On March 23, 2001, Kelliher had an e-mail chat with Michael J. Riith,
Southern's chief lobbyist. Riith casually suggested that the power company
would look favorably on a move by the Bush administration to "exclude" its
plants from compliance with this troublesome requirement. Presto! Riith's
recommendations appeared almost verbatim in Bush's National Energy Policy
Statement.
Instead of trying to maneuver this change through Congress, Riith suggested
simply imposing the plan through administrative fiat. In November 2002, EPA
director Christie Todd Whitman announced that factories, oil refineries,
and coal power plants could ask her for an exemption from the rule. Ask and
ye shall receive.
Another of Kelliher's chums is Jim Ford, the top lobbyist for the American
Petroleum Institute, the main trade association for the nation's top 200
oil and gas companies. Ford didn't beat around the bush offering
philosophical nuggets for inclusion in the Cheney energy plan. His clients
wanted immediate action. In a March 20, 2001, e-mail to Kelliher, Ford
demanded that the new administration issue two executive orders. Ford
wanted Bush to order federal agencies to curtail any new regulation or rule
that might "adversely affect the energy industry."
The breathtaking sweep of this request didn't give the Bushies much pause.
The substance of it was incorporated in an Executive Order on May 18, 2001.
Ford's second request was that Bush deploy "a strike force" of pro-drilling
bureaucrats to intimidate Forest Service and BLM land managers into
approving pending applications for oil and gas drilling on public lands.
Bush, at Kelliher's urging, leapt at the chance to implement this request,
signing another executive order creating a task force to "expedite" and
"accelerate" oil drilling activities on national forest lands.

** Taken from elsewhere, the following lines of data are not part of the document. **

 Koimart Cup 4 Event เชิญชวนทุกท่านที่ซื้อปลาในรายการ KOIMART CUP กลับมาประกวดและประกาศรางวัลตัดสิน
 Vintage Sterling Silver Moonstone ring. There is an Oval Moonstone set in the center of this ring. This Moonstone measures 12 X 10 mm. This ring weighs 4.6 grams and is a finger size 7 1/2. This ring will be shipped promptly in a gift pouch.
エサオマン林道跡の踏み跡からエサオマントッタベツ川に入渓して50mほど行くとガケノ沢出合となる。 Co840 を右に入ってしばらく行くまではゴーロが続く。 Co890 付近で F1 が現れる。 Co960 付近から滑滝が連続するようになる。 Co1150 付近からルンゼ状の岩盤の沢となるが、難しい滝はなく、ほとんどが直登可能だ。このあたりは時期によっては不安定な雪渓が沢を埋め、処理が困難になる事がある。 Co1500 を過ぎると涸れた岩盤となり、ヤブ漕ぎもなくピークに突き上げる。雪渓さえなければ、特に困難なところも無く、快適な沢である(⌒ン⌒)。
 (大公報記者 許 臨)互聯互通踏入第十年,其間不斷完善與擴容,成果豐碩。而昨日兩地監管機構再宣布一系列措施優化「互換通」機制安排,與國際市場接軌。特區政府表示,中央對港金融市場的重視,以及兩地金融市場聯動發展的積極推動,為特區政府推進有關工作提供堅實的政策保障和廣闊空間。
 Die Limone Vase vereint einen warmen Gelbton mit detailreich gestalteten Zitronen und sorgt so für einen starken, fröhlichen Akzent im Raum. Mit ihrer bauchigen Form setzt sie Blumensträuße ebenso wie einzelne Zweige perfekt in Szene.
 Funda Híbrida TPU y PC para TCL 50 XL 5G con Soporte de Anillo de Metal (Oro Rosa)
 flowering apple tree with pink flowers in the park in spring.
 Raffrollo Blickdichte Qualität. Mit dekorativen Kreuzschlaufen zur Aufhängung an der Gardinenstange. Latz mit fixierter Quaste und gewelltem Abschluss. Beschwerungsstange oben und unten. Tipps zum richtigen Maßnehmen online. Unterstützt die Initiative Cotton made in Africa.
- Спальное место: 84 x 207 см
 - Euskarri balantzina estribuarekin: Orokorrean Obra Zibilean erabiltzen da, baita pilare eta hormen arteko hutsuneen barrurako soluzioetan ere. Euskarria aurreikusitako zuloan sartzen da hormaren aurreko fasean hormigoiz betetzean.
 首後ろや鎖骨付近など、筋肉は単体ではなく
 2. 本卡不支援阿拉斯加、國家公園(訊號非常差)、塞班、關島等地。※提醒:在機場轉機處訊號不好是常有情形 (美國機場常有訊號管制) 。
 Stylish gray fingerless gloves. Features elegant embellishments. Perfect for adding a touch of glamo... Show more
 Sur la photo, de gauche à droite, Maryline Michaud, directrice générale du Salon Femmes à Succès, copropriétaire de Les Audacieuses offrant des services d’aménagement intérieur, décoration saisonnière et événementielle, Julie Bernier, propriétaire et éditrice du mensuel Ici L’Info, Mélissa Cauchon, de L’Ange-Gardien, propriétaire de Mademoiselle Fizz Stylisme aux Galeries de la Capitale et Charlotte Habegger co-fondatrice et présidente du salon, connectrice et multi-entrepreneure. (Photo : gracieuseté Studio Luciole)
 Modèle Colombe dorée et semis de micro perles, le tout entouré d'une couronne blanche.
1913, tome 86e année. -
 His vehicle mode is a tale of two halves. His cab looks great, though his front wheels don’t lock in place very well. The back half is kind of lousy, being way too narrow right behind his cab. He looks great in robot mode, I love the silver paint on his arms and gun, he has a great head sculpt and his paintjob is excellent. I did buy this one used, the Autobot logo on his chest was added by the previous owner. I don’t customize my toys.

Here's another example of Kelliher at work. On March 18, 2001, he sent an
e-mail to the natural gas industry's top lobbyist, Dana Contratto, head of
the energy group at the big DC law firm Crowell & Moring. Kelliher asked
Contratto to imagine that he was Mussolini and could impose any new plan he
desired.
"If you were a King, or Il Duce, what would you include in a national
policy, especially with respect to national gas issues?" Kelliher wrote.
"Should I look at any of the gas pipeline provisions in the House EPAct
bill that were dropped in conference? I am just looking for your immediate
thoughts, please do not put a lot of time into this. I am working up the
policy elements, and am less confident of my judgment on gas pipeline
issues than other areas and thought I would pick your brain. With respect
to the Alaska Natural Gas Transportation Act of 1976, I am operating on a
suspicion that law would have to be substantially amended to serve as a
basis for licensing an Alaskan gas pipeline. Do you agree?"
Contratto rose to the challenge and pondered rapidly what Il Duce would do.
He told Kelliher that the key was "to expedite pipeline permitting." The
easiest way to do this was to get more pipeline-friendly commissioners on
the Federal Energy Regulatory Agency, or FERC. Contratto's first goal
magically materialized in the energy task force's recommendations, which
called for speeding up the approval of pipeline permits regardless of
safety or environmental consequences. Then to seal the deal Bush recently
nominated Kelliher to fill one of two recent vacancies on the FERC board.
His nomination must be approved by the Senate, which has shown little sign
of impeding this final fulfillment of the energy cartel's dream season.